The First Incompleteness Theorem

Theorem 1 (Gödel-Rosser Theorem)
Let \(T\) be a recursive set of (Gödel numbers of) \(\mathcal{L}\)-sentences such that:

  1. \(T\) is consistent, i.e., there is no \(L\)-sentence \(\sigma\) with \(\ulcorner \sigma \urcorner \in T\) and at the same time \(\ulcorner \neg \sigma \urcorner \in T\),

  2. \(T\) contains all \(\Sigma_1\) and \(\Pi_1\)-sentences that hold in \(\mathsf{PA}^-\):

\[ \{\ulcorner \sigma \urcorner : \sigma \in \Sigma_1 \cup \Pi_1, \sigma \text{ sentence }, \mathsf{PA}^- \vdash \sigma \} \subseteq T. \]

Then \(T\) is \(\Pi_1\)-incomplete, i.e., there exists a \(\Pi_1\)-sentence \(\tau\) with

\[ \ulcorner \tau \urcorner \not \in T \text{ and } \ulcorner \neg \tau \urcorner \not \in T. \]
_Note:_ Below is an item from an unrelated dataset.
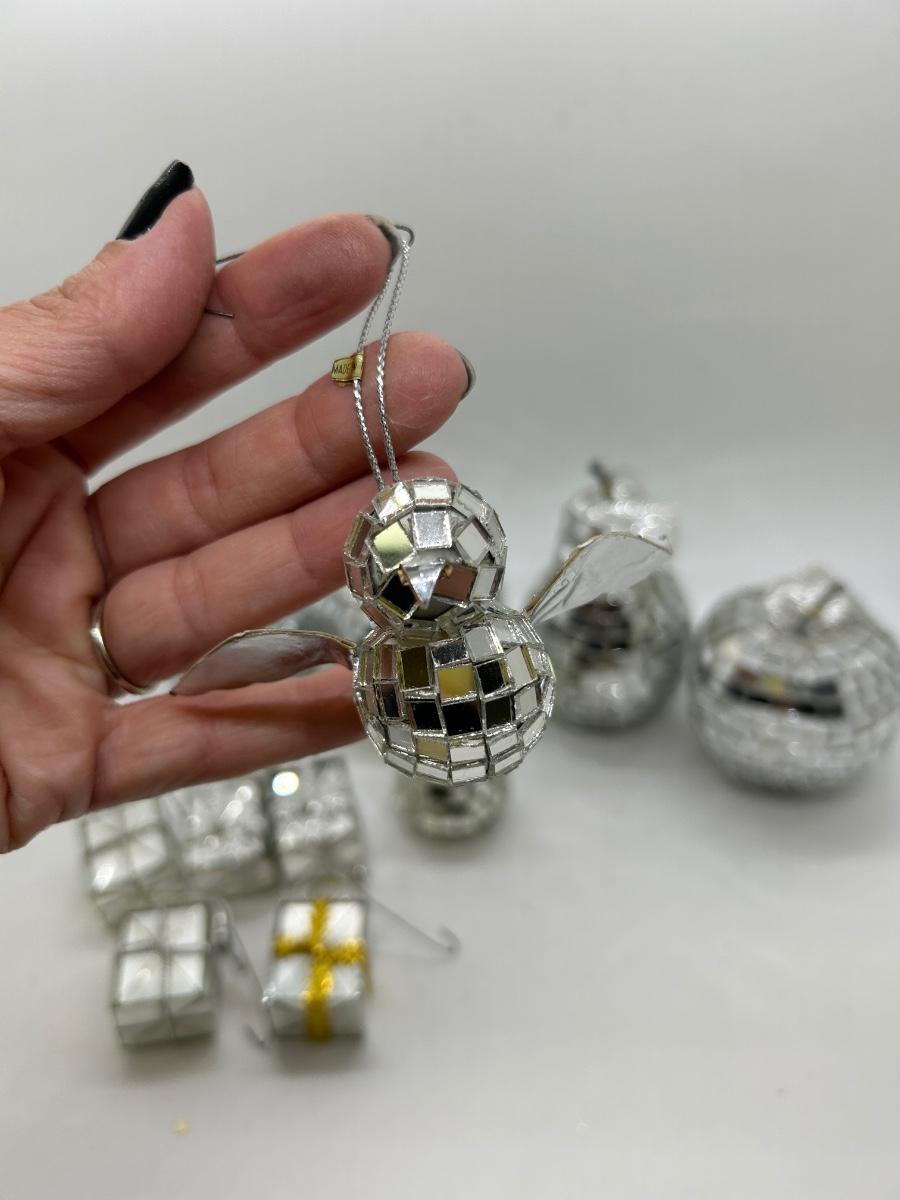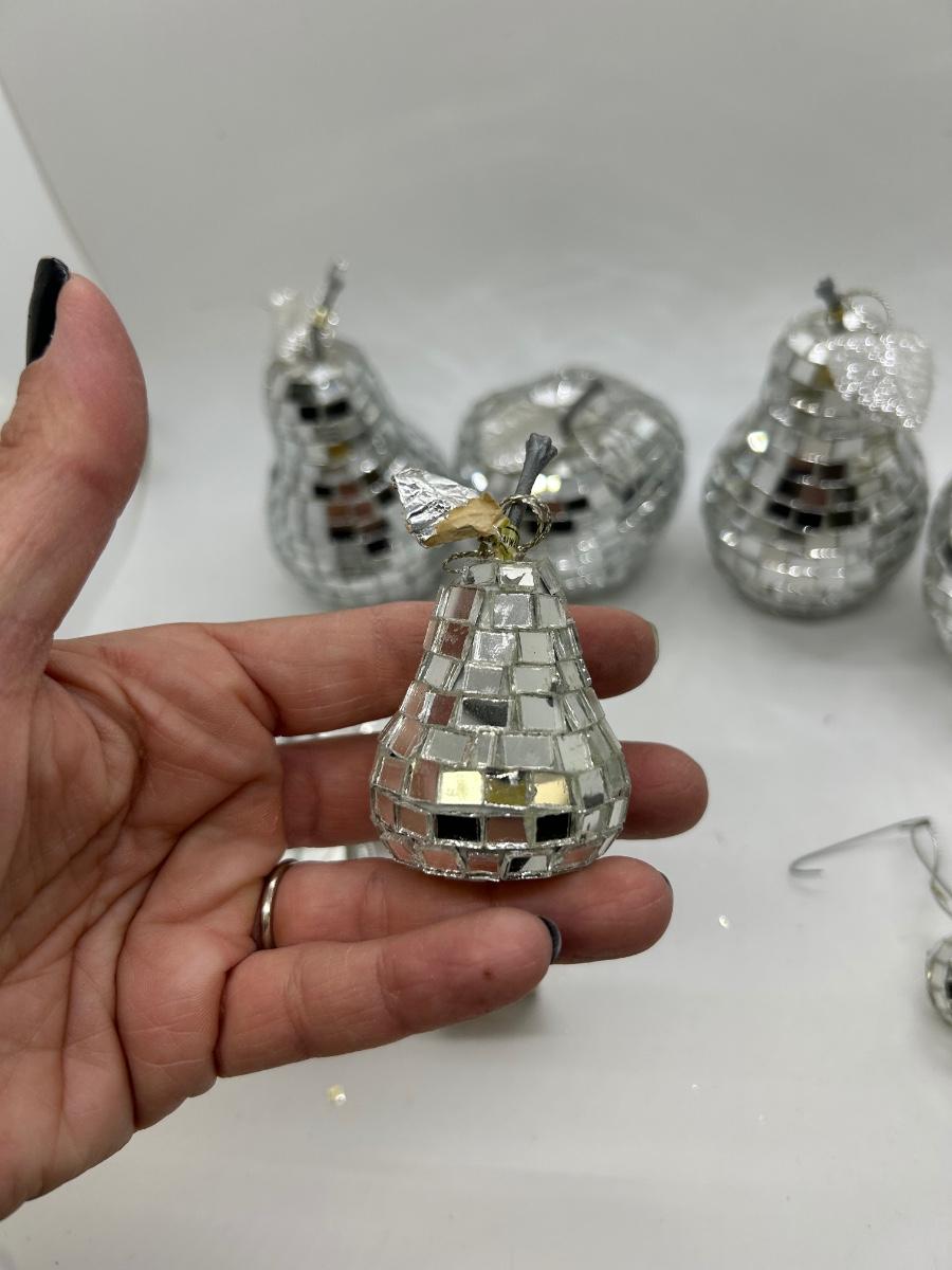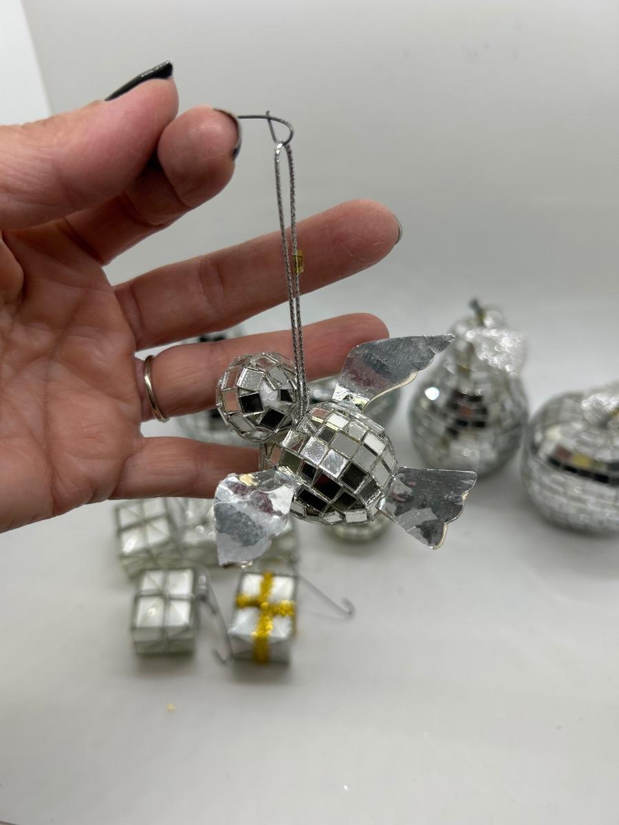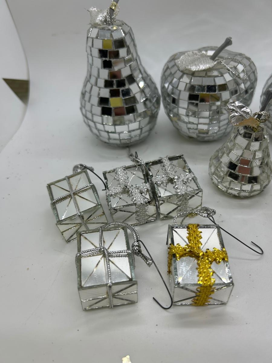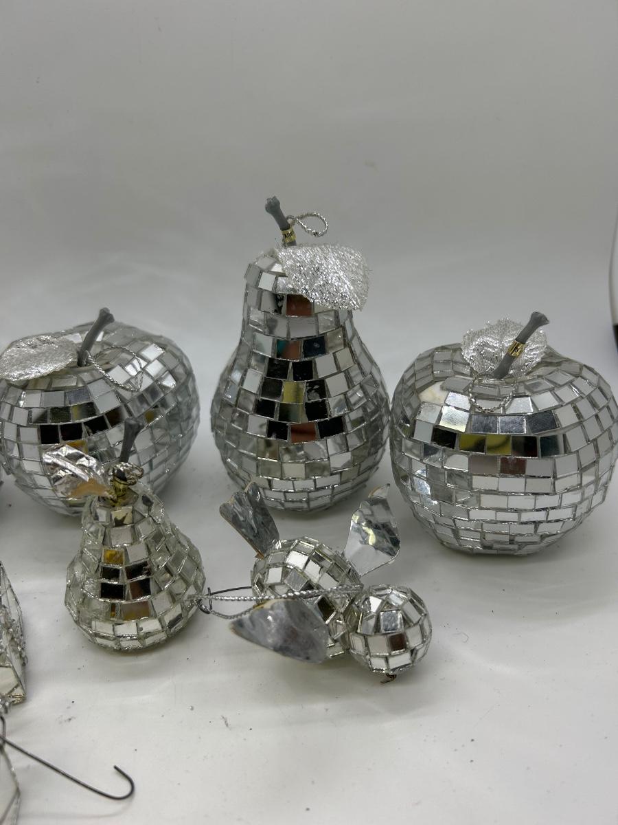 Mixed Lot of Mirrored Reflective Christmas Holiday Ornament Decorations. Lot includes fruit, bird, bell, and packages all in a reflective mirror ball like style. In good condition. Great for decor or crafts.

Proof. Since \(T\) is recursive, there exists a \(\Sigma_1\)-formula \(\theta(v)\) such that for all \(n \in \mathbb{N}\)

\[ \begin{aligned} n \in T & \Longrightarrow \mathsf{PA}^- \vdash \theta(\underline{n}),\\ n \not \in T & \Longrightarrow \mathsf{PA}^- \vdash \neg \theta(\underline{n}). \end{aligned} \]

By the Diagonal Lemma, there exists a \(\Pi_1\)-sentence \(\tau\) with

\[ \mathsf{PA}^- \vdash \tau \leftrightarrow \neg \theta(\underline{\ulcorner \tau \urcorner}). \]

From assumption (2) it follows that

\[ \ulcorner \tau \urcorner \in T \Rightarrow \mathsf{PA}^- \vdash \theta(\underline{\ulcorner \tau \urcorner}) \Rightarrow \mathsf{PA}^- \vdash \neg \tau \Rightarrow \ulcorner \neg \tau \urcorner \in T \]

and likewise, using (1),

\[ \ulcorner \neg \tau \urcorner \in T \Rightarrow \ulcorner \tau \urcorner \not \in T \Rightarrow \mathsf{PA}^- \vdash \neg \theta(\underline{\ulcorner \tau \urcorner}) \Rightarrow \mathsf{PA}^- \vdash \tau \Rightarrow \ulcorner \tau \urcorner \in T, \]

so that neither \(\ulcorner \tau \urcorner\) nor \(\ulcorner \neg \tau \urcorner\) can be in \(T\).

Theorem 2 (First Gödel Incompleteness Theorem)
Let \(T\) be a consistent1 and recursively axiomatizable theory in language \(L\) which extends the theory \(\mathsf{PA}^-\). Then \(T\) is incomplete. In particular, there exists a \(\Pi_1\)-sentence \(\tau\) with

\[ T\not \vdash \tau \text{ and } T \not \vdash \neg \tau. \]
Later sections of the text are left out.